Russian space officials have informed US counterparts that Moscow would like to keep flying its cosmonauts aboard the International Space Station (ISS) until their own orbital outpost is built and operational, a senior NASA official told Reuters.
Taken together with remarks from a senior Russian space official published on Wednesday, US time, the latest indications are that Russia is still at least six years away from ending an orbital collaboration with the United States that dates back more than two decades.
A schism in the ISS program seemed to be closer at hand earlier this week, when Yuri Borisov, the newly appointed director-general of Russia's space agency Roscosmos, surprised NASA by announcing that Moscow intended to withdraw from the space station partnership "after 2024".
Kathy Lueders, NASA's space operations chief, said in an interview that Russian officials told the US space agency that Roscosmos wished to remain in the partnership as Russia works to get its planned orbital outpost, named ROSS, up and running.
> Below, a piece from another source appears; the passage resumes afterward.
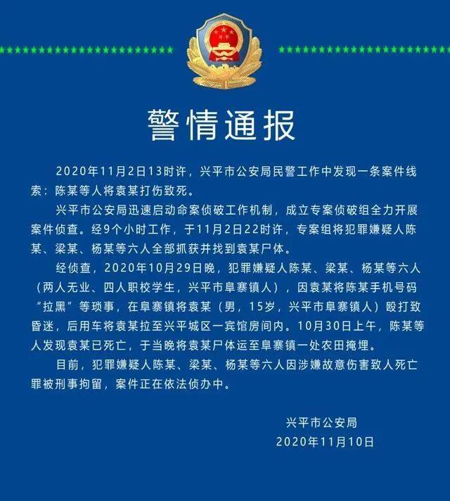 (袁某被掩埋处,受访者供图) 纵相新闻:您对这件事目前还有哪些诉求? 受害者父亲:现在家里还有他妈妈和爷爷奶奶,一家人都承受不了这个打击。 我还是一句话,这些孩子不能流入到社会,他们一旦流入社会,会对社会造成多大影响。我相信法律是公平公正的,希望公安人员能秉公执法,法庭能够严判重判。 案情进展 11月10日,兴平公安发布关于此事的通报,称于11月2日22时许,专案组将犯罪嫌疑人陈某、梁某、杨某等六人全部抓获并找到袁某尸体。 通报显示,经侦查,2020年10月29日晚,犯罪嫌疑人陈某、梁某、杨某等六人(两人无业、四人职校学生,兴平市阜寨镇人),因袁某将陈某手机号码“拉黑”等琐事,在阜寨镇将袁某(男,15岁,兴平市阜寨镇人)殴打致昏迷,后用车将袁某拉至兴平城区一宾馆房间内。10月30日上午,陈某等人发现袁某已死亡,于当晩将袁某尸体运至阜寨镇一处农田掩埋。 目前,犯罪嫌疑人陈某、梁某、杨某等六人因涉嫌故意伤害致人死亡罪被刑事拘留,案件正在依法侦办中。

"We're not getting any indication at any working level that anything's changed," Lueders told Reuters, adding that NASA's relations with Roscosmos remain "business as usual".
The space station, a science laboratory spanning the size of a football field and orbiting some 400 km above Earth, has been continuously occupied for more than two decades under a US-Russian-led partnership that also includes Canada, Japan and 11 European countries.
It offers one of the last vestiges of cooperation between the United States and Russia, though its fate has been called into question since Russia invaded Ukraine in February, straining bilateral relations on a variety of fronts as the Biden administration imposed economic sanctions on Moscow.
The Ukraine conflict also sparked tensions between Roscosmos and the European Space Agency (ESA).
A formal agreement to extend Russia's ISS participation beyond 2024 has not yet been reached. NASA, Roscosmos, ESA and the station's other partners plan to discuss the prospect of extending each other's presence on the laboratory to 2030 during a periodic meeting on Friday of the board that oversees the station's management, Lueders said.
Roscosmos published on its website an interview with Vladimir Solovyov, the flight director for the space station's Russian segment, who was quoted as saying Russia must remain on the station until ROSS is operating.
Solovyov said he expected ROSS would be fully assembled in orbit sometime in 2028.
"We, of course, need to continue operating the ISS until we create a more or less tangible backlog for ROSS," Solovyov said. "We must take into account that if we stop manned flights for several years, then it will be very difficult to restore what has been achieved."
The American and Russian segments of the space station were deliberately built to be intertwined and technically interdependent, so that any abrupt withdrawal of Russian cooperation aboard the ISS could seriously disrupt a centerpiece of NASA's human spaceflight program.
US gyroscopes provide day-to-day control over ISS orientation in space while the Russian unit provides the propulsion used to keep the station in orbit and is used to dodge space debris.
Meanwhile, famed Apollo 11 astronaut Buzz Aldrin's flight jacket, which he wore on the historic mission to the moon in 1969, was sold for about US$2.8 million in New York, auction house Sotheby's said.
The jacket front displays NASA's logo and the Apollo 11 mission emblem, which is slightly below Aldrin's name tag.
It also has the United States' flag on its left shoulder and is made of Beta cloth, a fireproof cloth that was incorporated into NASA space suits after three Apollo 1 astronauts died in a flash fire aboard their spacecraft during a ground test in 1967.
After the jacket, the second highest grossing item at the auction was the summary flight plan of the Apollo 11 mission. It was sold for US$819,000, exceeding estimates of US$100,000-US$150,000.
Neil Armstrong and Aldrin were the first humans to walk on the moon. Aldrin, who is now 92, is the only surviving member of the mission's three-man crew.